I'd recommend Ed Mcgivern's book FAST AND FANCY REVOLVER SHOOTING. There are some timeless tips in there. Jeff Cooper's stuff is worth the read.

Massad Ayoob's column in AMERICAN HANDGUNNER is great, and that seems to be the best handgunning mag out there, worth the subscription. There's a book that he has out compiling a bunch of his columns from that mag, but the name escaped me. 

Bill Jordan's NO SECOND PLACE WINNER is quite enjoyable.

Just fininshed WARLORD by Ilario Pantano, which is a great nonfiction piece about Iraq. 

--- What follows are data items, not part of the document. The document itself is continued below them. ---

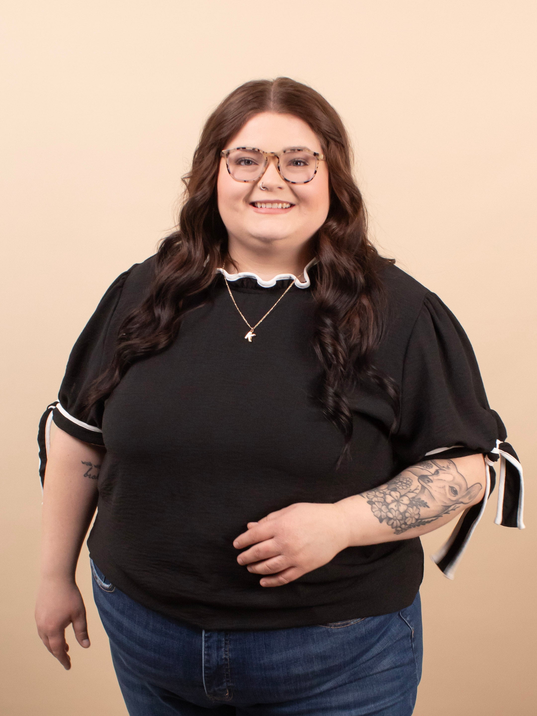Delilah ribbon sleeve black blouse women's boutique top sizes S-3XL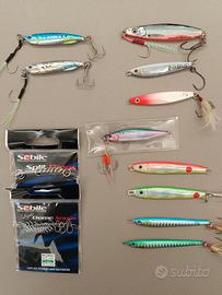 Esche artificiali jig adatti a tutte le situazioni di pesca , la maggior parte mai usati e altri usati pochissimo tutti in buone condizioni con omaggio ancorette moschettoni e split ring , il tutto delle migliori marche Duo Maria Xesta JigPara Major Craft Shimano Daiwa Abu Garcia Sebile Savage Gear Jatsui Owner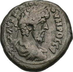 bare head of Lucius Verus with traces of drapery, right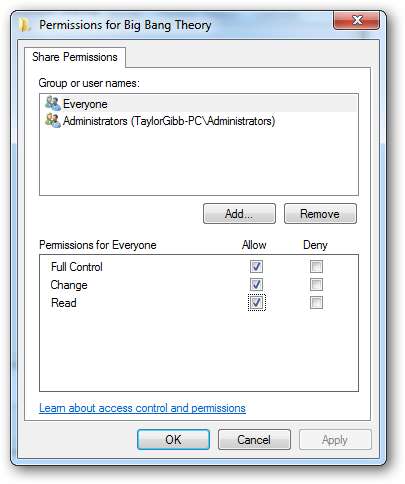 - Il s'applique à tous les fichiers et dossiers de la ressource partagée. Si vous souhaitez fournir une sorte de schéma de restriction plus granulaire, vous devez utiliser l'autorisation NTFS en plus des autorisations partagées.
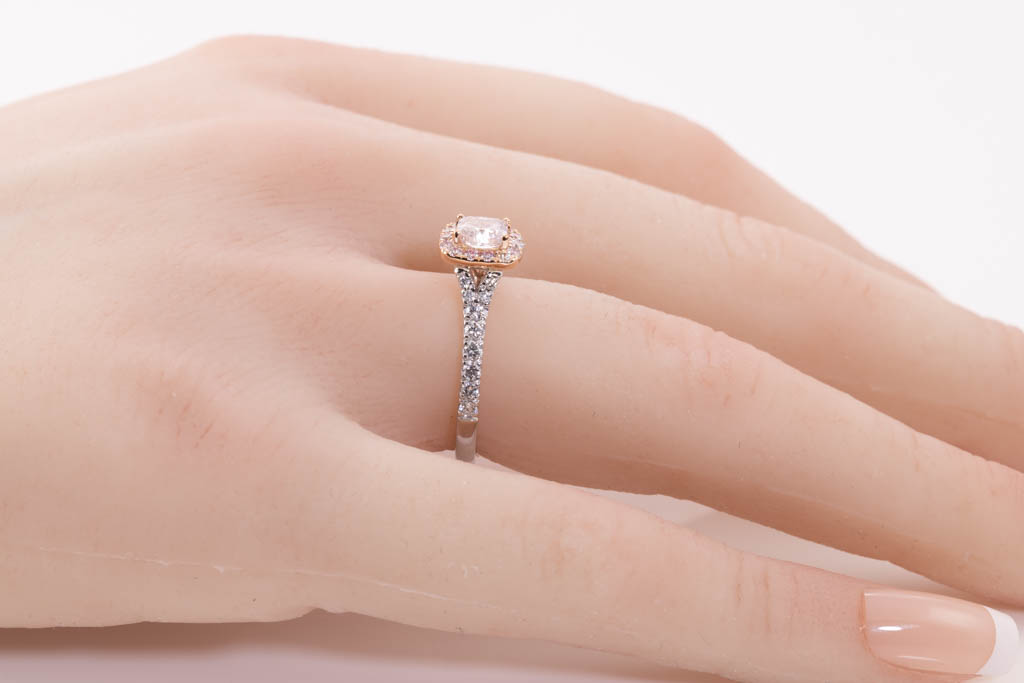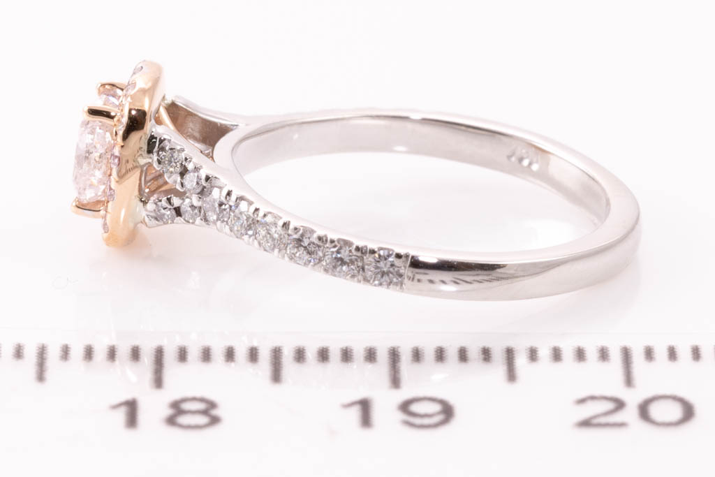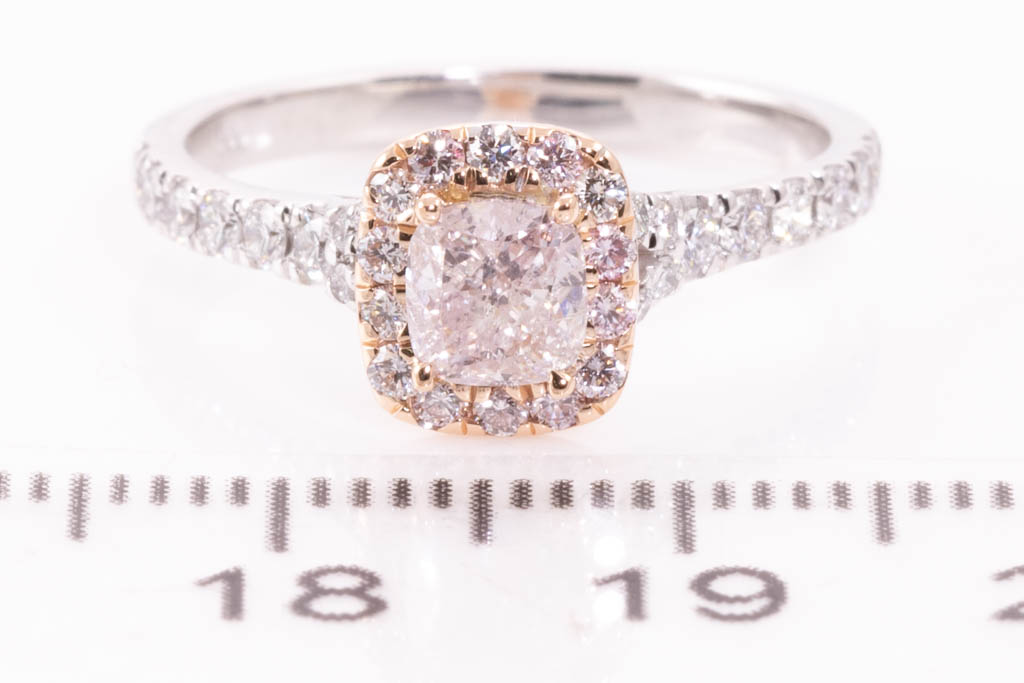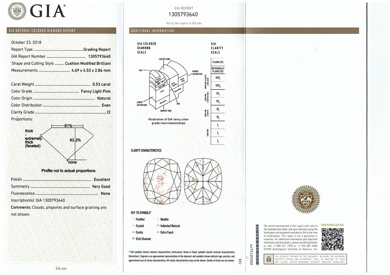 Diamond ring with centre cushion cut Diamond of 0.53ct (with GIA report graded as Natural Fancy Light Pink Even P2 #1305793640) and round Diamonds totalling 0.41cts (Estimate grading: G-H VS-SI). 18ct white and rose gold. Ring Size K1/2. Weight 3.5g. (Pre-owned)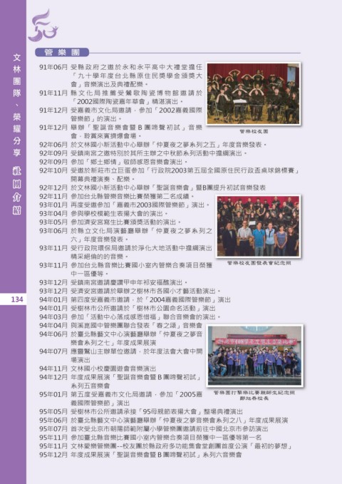 134 94年01月 第四度受嘉義市邀請,於「2004嘉義國際管樂節」演出 97年09月 文林愛樂管樂團--校友團於臺北縣政府多 管樂團至日本東京與清真學園管樂 135

Fiction: Read Stephen Hunter's POINT OF IMPACT. Do it quick before the movie SHOOTER (with Mark Walberg) comes out and probably ruins the book forever. You'll be hooked. Also, anything by Vince Flynn is worth reading.


----------



## SigZagger (Aug 16, 2006)

If you are interested in pistol shooting. I found the following to have plenty of useful information. All are paperback. Size 5 1/2 x 8 1/2. I ordered them from Amazon. 

THE HAPPY HANDGUNNER................by Don Paul
HANDCANNONS.............................by Duncan Long
TACTICAL PISTOL MARKSMANSHIP...by Gabe Suarez


----------